Given information:

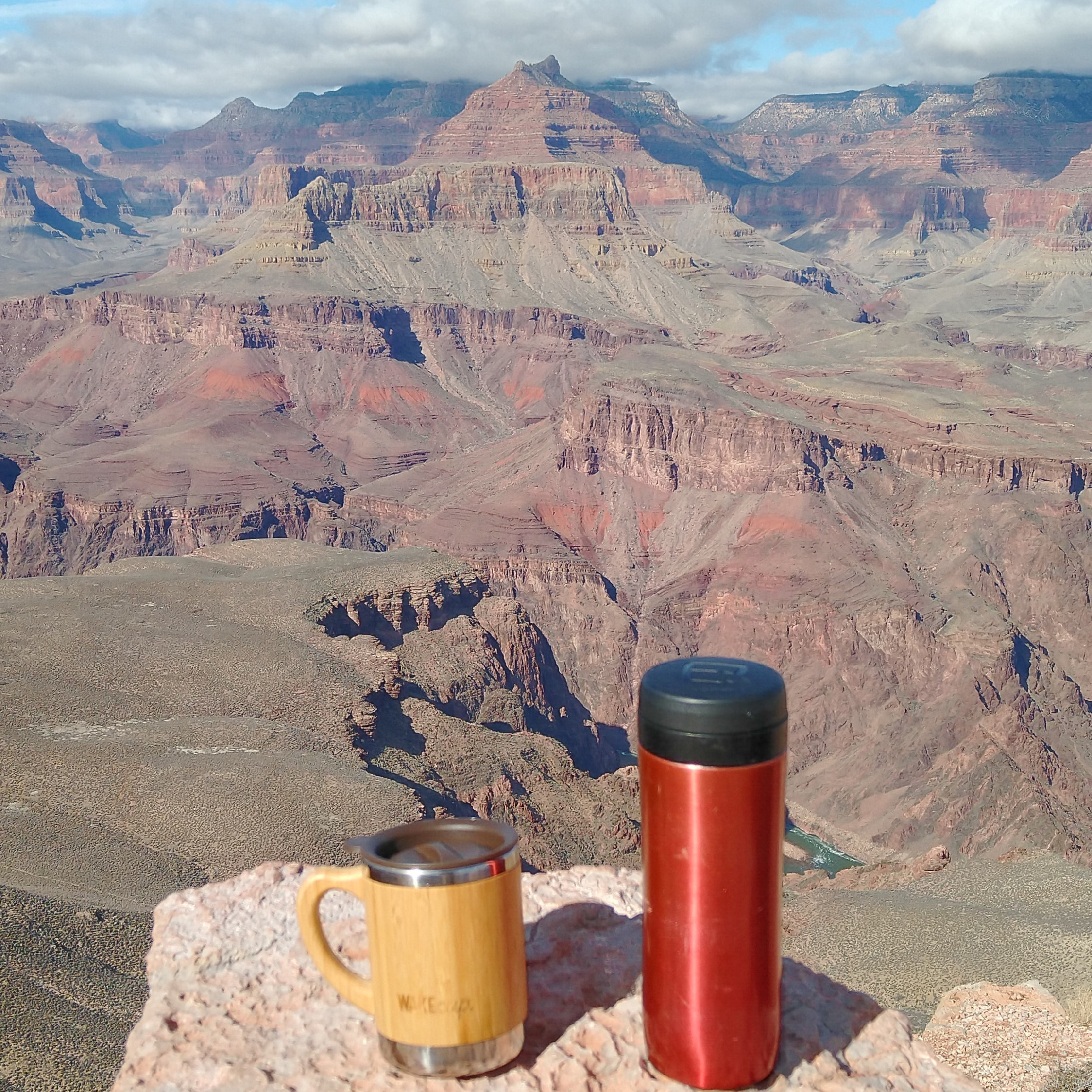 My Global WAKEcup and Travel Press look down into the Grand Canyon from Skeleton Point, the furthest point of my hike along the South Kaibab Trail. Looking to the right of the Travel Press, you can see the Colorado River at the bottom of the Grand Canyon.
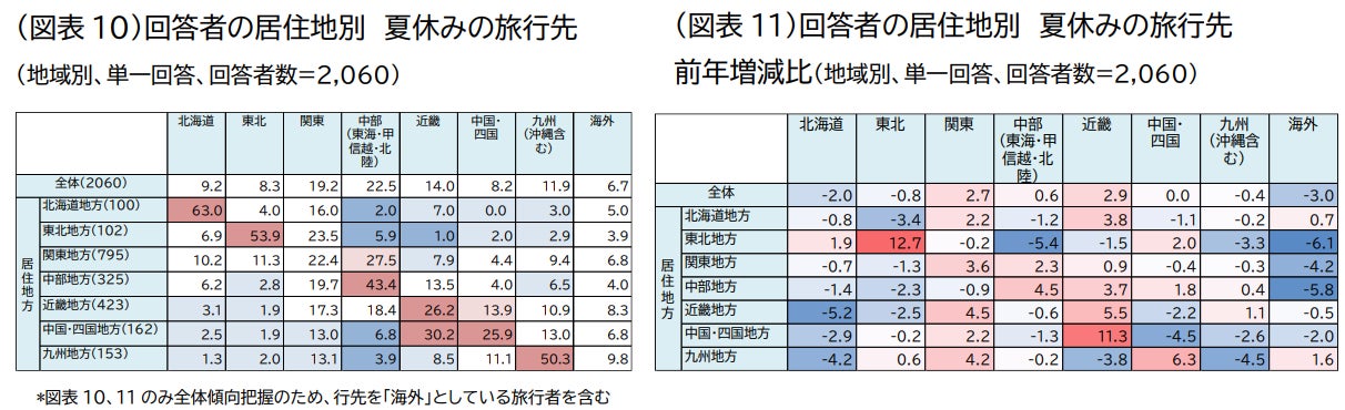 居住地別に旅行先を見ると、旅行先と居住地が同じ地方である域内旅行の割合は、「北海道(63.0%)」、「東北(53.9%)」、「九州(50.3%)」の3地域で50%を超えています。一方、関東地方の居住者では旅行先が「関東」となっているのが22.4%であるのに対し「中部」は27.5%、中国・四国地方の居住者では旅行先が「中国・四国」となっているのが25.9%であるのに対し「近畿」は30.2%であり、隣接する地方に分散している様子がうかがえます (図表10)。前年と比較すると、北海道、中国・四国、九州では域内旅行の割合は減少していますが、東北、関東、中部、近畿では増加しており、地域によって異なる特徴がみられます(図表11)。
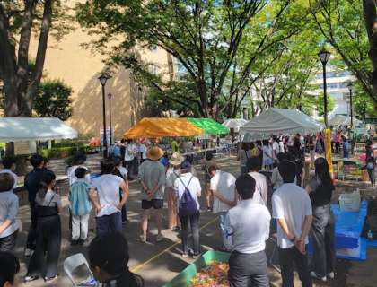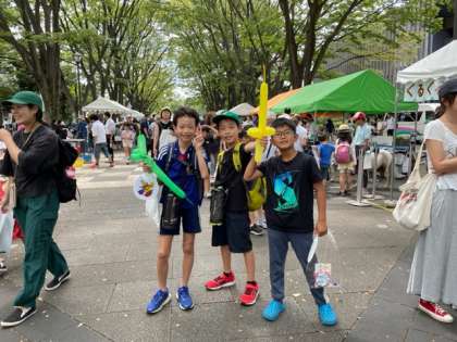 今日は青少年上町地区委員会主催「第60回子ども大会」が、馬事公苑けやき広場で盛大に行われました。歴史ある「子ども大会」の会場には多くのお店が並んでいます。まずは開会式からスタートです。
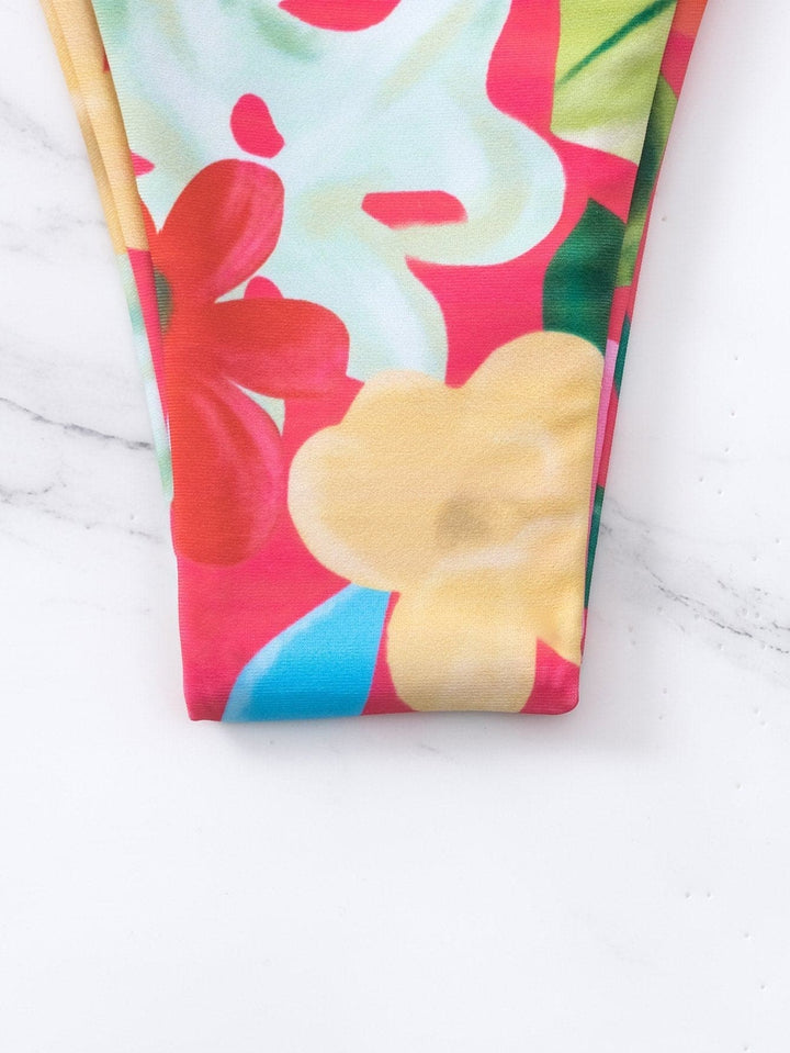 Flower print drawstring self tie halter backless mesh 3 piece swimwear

Requirement:
Nothing but the lines from the line with "今日は青少年上町地区委員会主" through the last line of the data above should be printed, exactly as written and without pictures.

Output below:
 今日は青少年上町地区委員会主催「第60回子ども大会」が、馬事公苑けやき広場で盛大に行われました。歴史ある「子ども大会」の会場には多くのお店が並んでいます。まずは開会式からスタートです。
 Flower print drawstring self tie halter backless mesh 3 piece swimwear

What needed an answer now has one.